In the article, I am going to share a few points I learnt from configuring the SQL Server replication to support a heterogeneous subscriber. I will create a publication and subsequently an Oracle subscription which will depend on this publication. I will also demonstrate a few points along with the flow of the process that are very important for troubleshooting problems.
The steps to configure a snapshot replication session are as follows:
- Configure a distributor
- Configure a publisher (along with the publication including the articles being published)
- Configure a subscriber
I will provide a brief explanation of each step.
Configuring a Distributor
A Distributor is an instance responsible for storing information used during the replication. When you try creating a publication in the instance for the first time, SQL Server will suggest you configuring a Distributor. In this article, our Distributor is a Local Distributor.
Creating a Publication
Let us identify the database that contains the objects we would like to replicate. This will be a Publication Database.
To create a publication database, follow the instructions on the screenshots below.

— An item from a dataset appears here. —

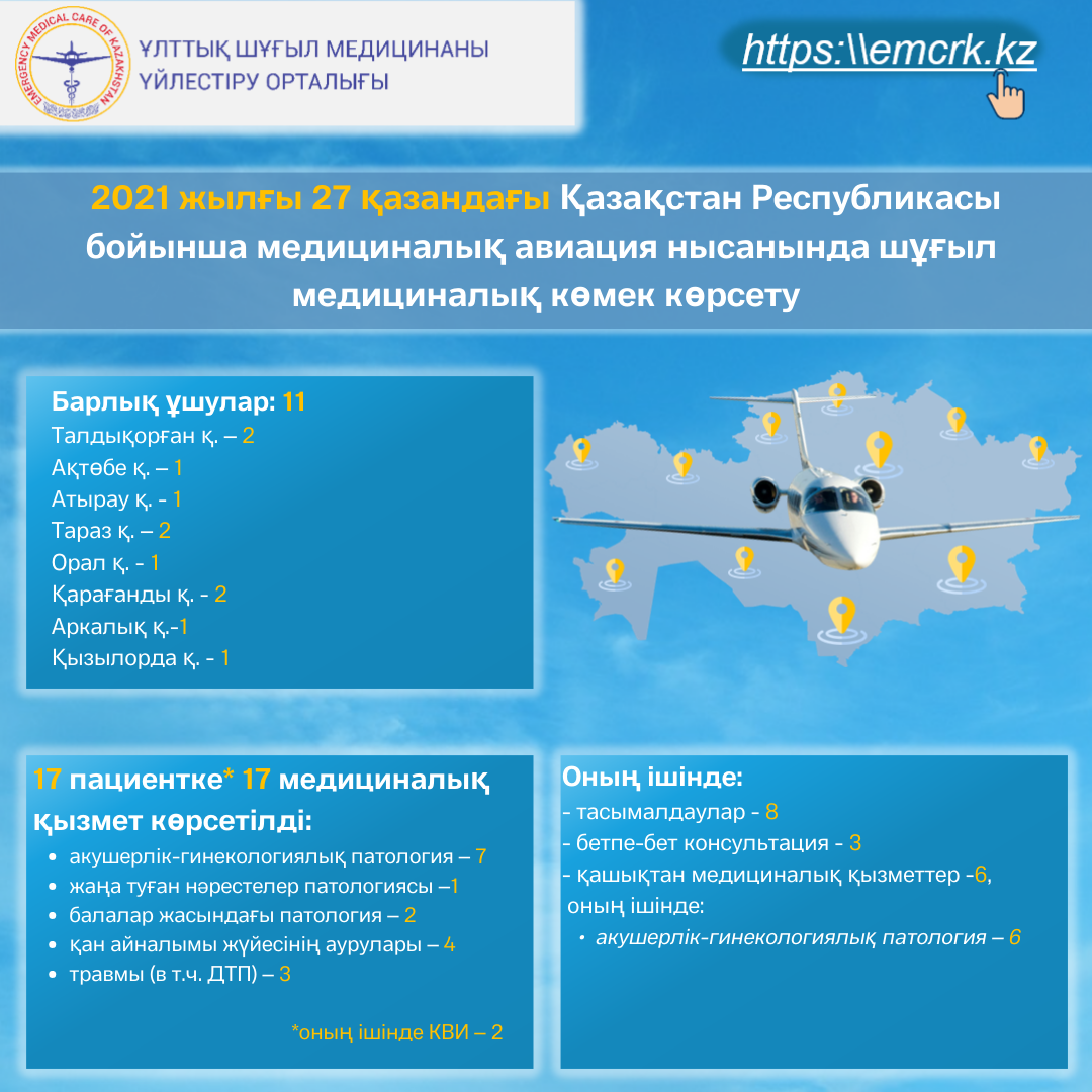 2021 жылғы 27 қазандағы Қазақстан Республикасы бойынша медициналық авиация нысанында шұғыл медициналық көмек көрсету

This step allows you to select a type of the publication you wish to configure. Each publication type is described in the lower pane. For simplicity and compatibility reasons, we choose a snapshot publication. Please note that we intend to replicate objects to an Oracle instance. In this case, Transactional and Snapshot Publications are supported. There are other good use cases for a peer-to-peer and merge replication.

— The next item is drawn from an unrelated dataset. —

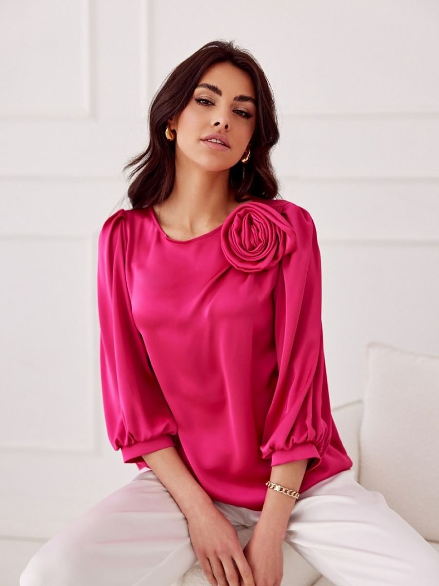 Bluzka Giana to elegancka propozycja uszyta z wysokiej jakości satynowej tkaniny, która delikatnie odbija światło, dodając stylizacji subtelnego blasku. Uwagę przyciąga okrągły dekolt ozdobiony efektowną różą, dekoracyjnym akcentem, który wyróżnia ten model i nadaje mu wyjątkowego charakteru. Szerokie rękawy 3/4 o bufiastej formie podkreślają ramiona, dodając bluzce lekkości i kobiecego wdzięku. Luźny fason gwarantuje wygodę i pełną swobodę ruchów, co czyni ten model nie tylko stylowym, ale i funkcjonalnym. Giana doskonale sprawdzi się jako element eleganckich zestawień, wystarczy połączyć ją z długimi, satynowymi spodniami Elsa, prostą marynarką i klasycznymi szpilkami, by stworzyć szykowny look na specjalne okazje. To idealny wybór na rodzinne uroczystości, święta, przyjęcia czy inne wydarzenia, podczas których chcesz wyglądać z klasą i czuć się komfortowo.

At this step, we choose the articles we want to publish. SQL Server allows us to publish four key object types such as:
- Stored Procedures
- User Defined Functions
As you can see, we are going to publish two tables: Orders and OrderLines. For the purpose of demonstrating the flexibility of SQL Server replication, we will filter the records as shown below.
Note: We are interested in the number of OrderIDs being greater than 1000.

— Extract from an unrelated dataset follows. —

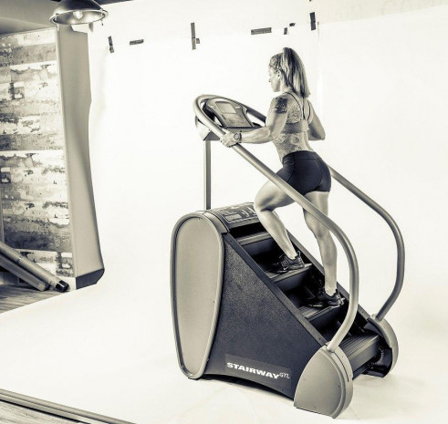 Stairway – это кардиотренажер, имитирующий подъем по лестнице, разработанный специально для коммерческих залов. Уникальная конструкция состоит из вращающейся лестницы, скорость которой регулируется натяжением ремня (также как у Jacobs Ladder). Чем выше Вы поднимаетесь, тем быстрее двигаются ступени, поэтому Вы сами контролируете интенсивность занятия. Самоходный тренажер не требует подключения к электросети.

To exclude unwanted rows from published tables, click Add… and then Next.
The below screenshots display how to filter columns for the OrderLines table.
Next, configure the Snapshot Agent properties. We define an initial snapshot and the interval during which a fresh snapshot is generated. The data extracted at this step is stored in a directory specified when initially configuring the distributor.
First, set up a schedule for a snapshot agent to start. Click Next.
For each snapshot agent, specify the account under which it will run.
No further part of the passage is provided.